[[ The input open ]]

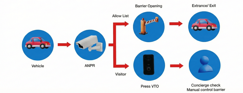 Authorized vehicles are detected by ANPR and granted automatic barrier access. Visitors press the VTO for manual identity verification, and the concierge opens the barrier upon approval.
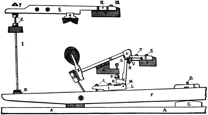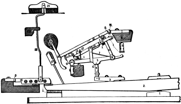 bottom where the extension rests has no hole but simply a felt covering upon which the extension rests; in this case it is necessary to provide what is called an extension guide which is hinged to the extension guide rail shown in the cut at the left of the extension. In actions of this kind, the extensions remain in place at all times and the trouble of placing them properly on the bottom when replacing the action is obviated. Other methods also are employed which are readily understood upon slight examination, but are essentially similar to the above. Instead of the bottom, a capstan screw is used in some actions as follows:
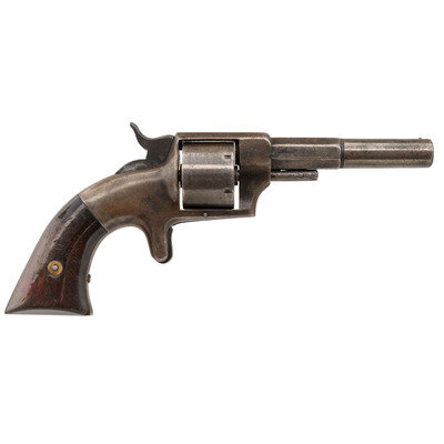 .32 Rimfire. 3.675" barrel length. SN: 664. Blued metal finish with octagonal to round barrel mounting varnished walnut grips and topstrap notch with front bead sights. Single action six shot cartridge revolver with spur trigger. Upper barrel flat is struck HOPINS & ALLEN MFG. CO/NORWICH. CT. Serial numbers match on the barrel, frame, and cylinder. Replaced cylinder pin.
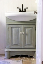 Great bath vanity transformation by Artsy Chicks Rule! It was painted with a custom mix of 1 part GF Snow White and 1 part Persian Blue Milk Paint, glazed with Van Dyke Brown Glaze Effects and sealed with High Performance Topcoat.
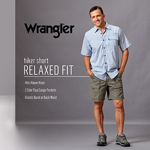 Details: Wrangler Authentics Men's Canvas Utility Hiker Short. Made with pure cotton fabric, these men's shorts are ready for a hike. A relaxed fit and look from the Wrangler name you trust. FEATURES: Durable cotton fabric. (2) Cargo flap pockets, (2) back Velcro pockets and (2) slash pockets. Relaxed fit through the seat and thigh. Sits at the natural waist for a comfortable fit. 8" inseam.
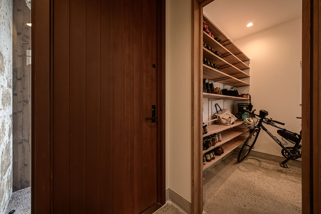 広いシューズクロークは自転車を止めてもまだまだ余裕のある広さ。
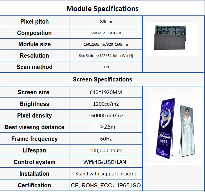 Store specific LED P2.5 advertising screen poster screen ultra thin asynchronous control
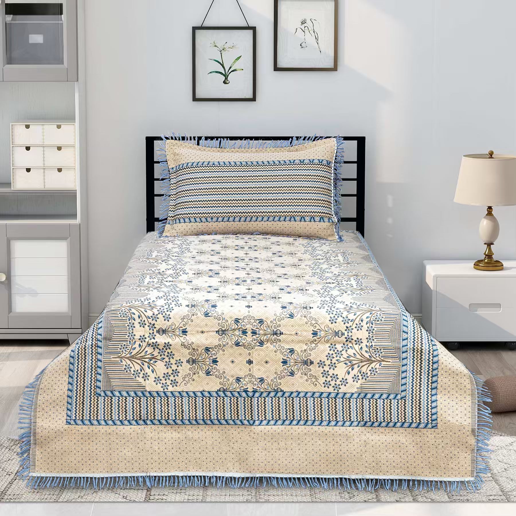 The Craft Multani Bedsheet Set combines traditional craftsmanship with modern comfort. Made from a soft blended fabric, it ensures durability and a smooth, luxurious feel. Its intricate Multani design adds a touch of elegance and cultural richness to any bedroom setting, while the breathable material promotes restful sleep. Ideal for those seeking a blend of aesthetic appeal and everyday functionality.
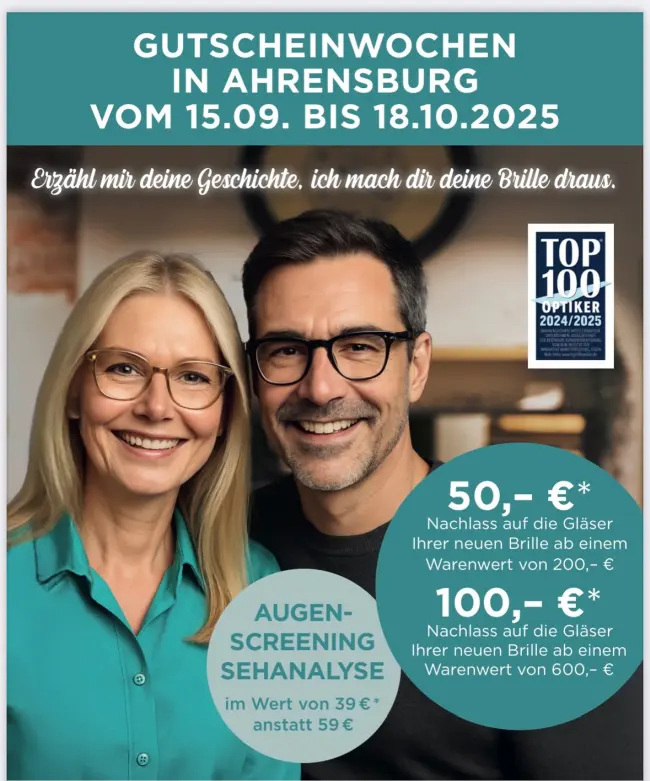Zu unserem Service als Optiker in Ahrensburg gehört die Anfertigung Ihrer individuellen Brille in unserer eigenen Werkstatt, für spontane auch im 24 Stundenservice. Sehschärfenmessung, Augeninnendruck Screening und Feststellung mit neuester Technik bieten wir ihnen gerne nach Terminabsprache.
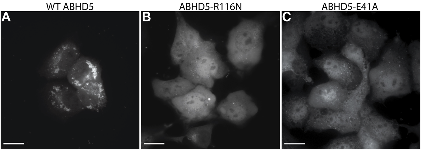 Fluorescence imaging reveals the importance of R116 and E41 in the basal localization of ABHD5. (A) Wild-type (WT) ABHD5-mCherry localizes to the LDs within COS7 cells. Either the (B) R116N or (C) E41A mutations demonstrate a cytosolic distribution of ABHD5-mCherry and inhibited basal LD targeting in the absence of ATGL and PLIN5 expression. (A–C) The scale bars represent 20 µm.
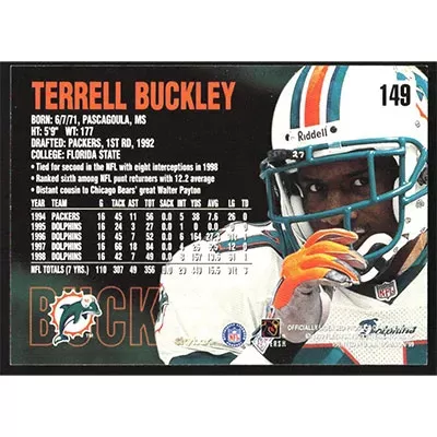 This is a 1999 SkyBox Dominion Terrell Buckley football card. The card is #149 and pictures show condition.
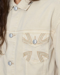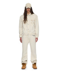 The Oh G Jacket Ivory is an oversized-fit trucker jacket crafted from premium rigid denim in a clean ivory wash. Built with traditional denim trucker construction, it is detailed with intricately laser-cut leather appliques in bold graphic shapes around the pocket edges, secured with thick-gauge saddle stitching. Finished with T-box and 4x4 embroidery branding and Ksubi by Alice Hollywood hardware, this style fuses classic workwear with statement artistry. FEATURES, SIZE & FIT - Oversized fit jacket - Button closure - Regular collar - 4x4 cross embroidery - Ksubi t-boxed branding - Ksubi x alice pocket tag - No stretch - Size m shoulder to hem length: 67cm / 26 3/8" - Cool machine wash with like colours, wash inside out, do not bleach, remove promptly after wash, do not tumble dry, cool iron on reverse, do not iron directly onto prints or metal hardware, colour may transfer onto other garments and upholstery - MAH25JK002
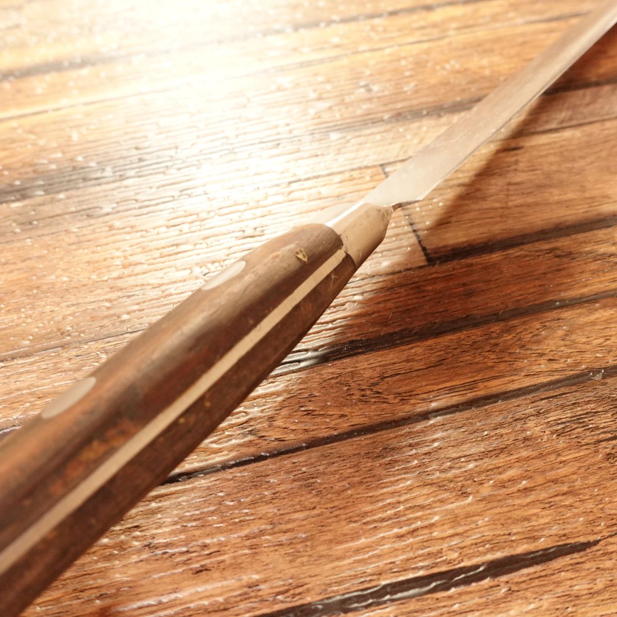 This is a Sujihiki knife by Misono. It is a slim slicer type, suitable for slicing meat or fish. The blade had been sharpened with a slight single-bevel bias, around 7:3, and has been finished with that edge, making it particularly comfortable for draw cuts. It does not flex like a sole knife, and appears to have been carefully used and maintained.
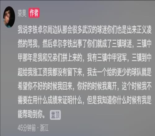 荣昊写道:我说李铁卓尔周边队那会很多武汉的球迷你们也是出来正义凌然的骂我,然后卓尔李铁出事了你们就成了三镇球迷。
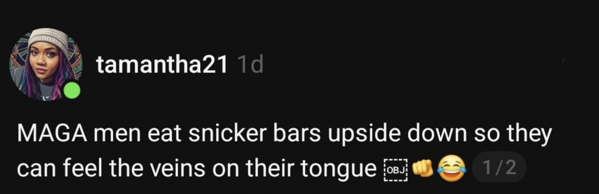 Tuesday at 06:13 PM5 days This is what we up against! The insult and rudeness. We cant even enjoy candy bars because we MAGA
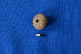 | Description / विवरण | Arecanut shaped bead of terracotta in black and red colour with striation marks on surface and a perforation at the center. |
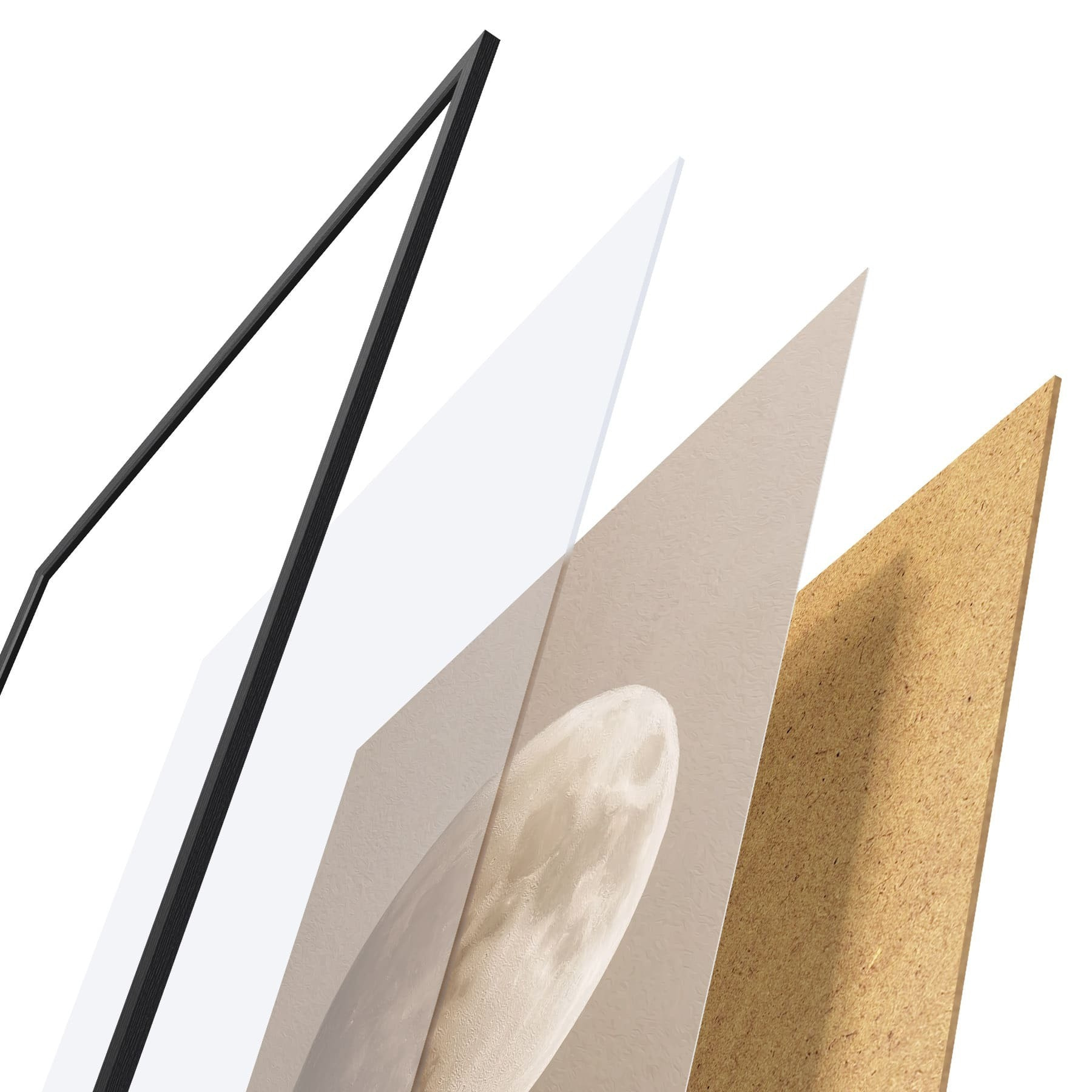 Plakat składa się z ramy, pleksi, wydrukowanego obrazu i podkładu z płyty wiórowej. Plakat można natychmiast zawiesić na ścianie dzięki uchwytom z tyłu.
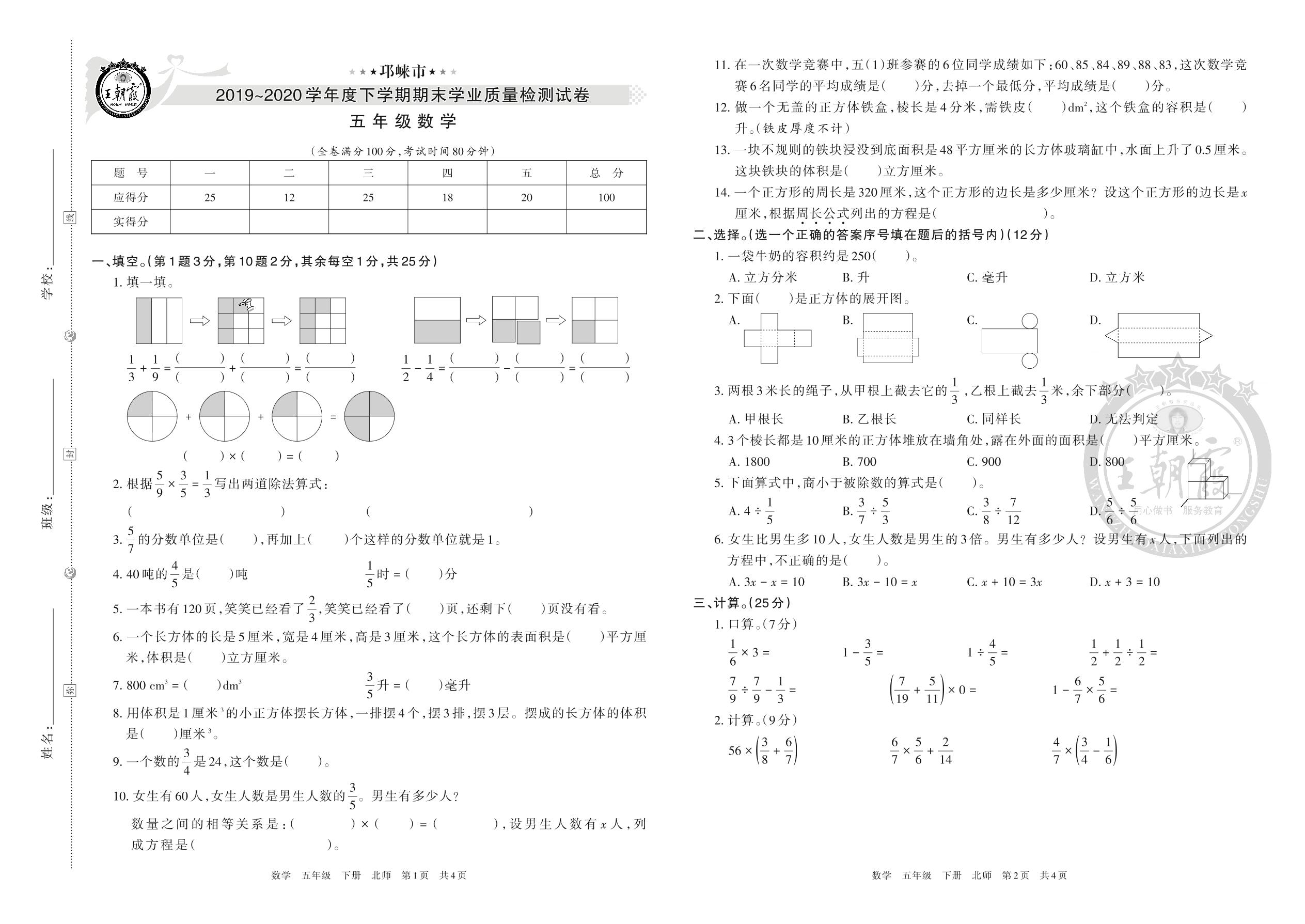 邛崃市2019~2020学年度下学期期末学业质量检测试卷五年级数学(北师版)

[[ The input closed ]]

- [How to complete this task] Copy the lines above exactly, starting with the line that contains "Tuesday at 06:13" and ending with the line that contains "Plakat składa się", and leave out any pictures.

- [Result of the exercise]
 Tuesday at 06:13 PM5 days This is what we up against! The insult and rudeness. We cant even enjoy candy bars because we MAGA
 | Description / विवरण | Arecanut shaped bead of terracotta in black and red colour with striation marks on surface and a perforation at the center. |
 Plakat składa się z ramy, pleksi, wydrukowanego obrazu i podkładu z płyty wiórowej. Plakat można natychmiast zawiesić na ścianie dzięki uchwytom z tyłu.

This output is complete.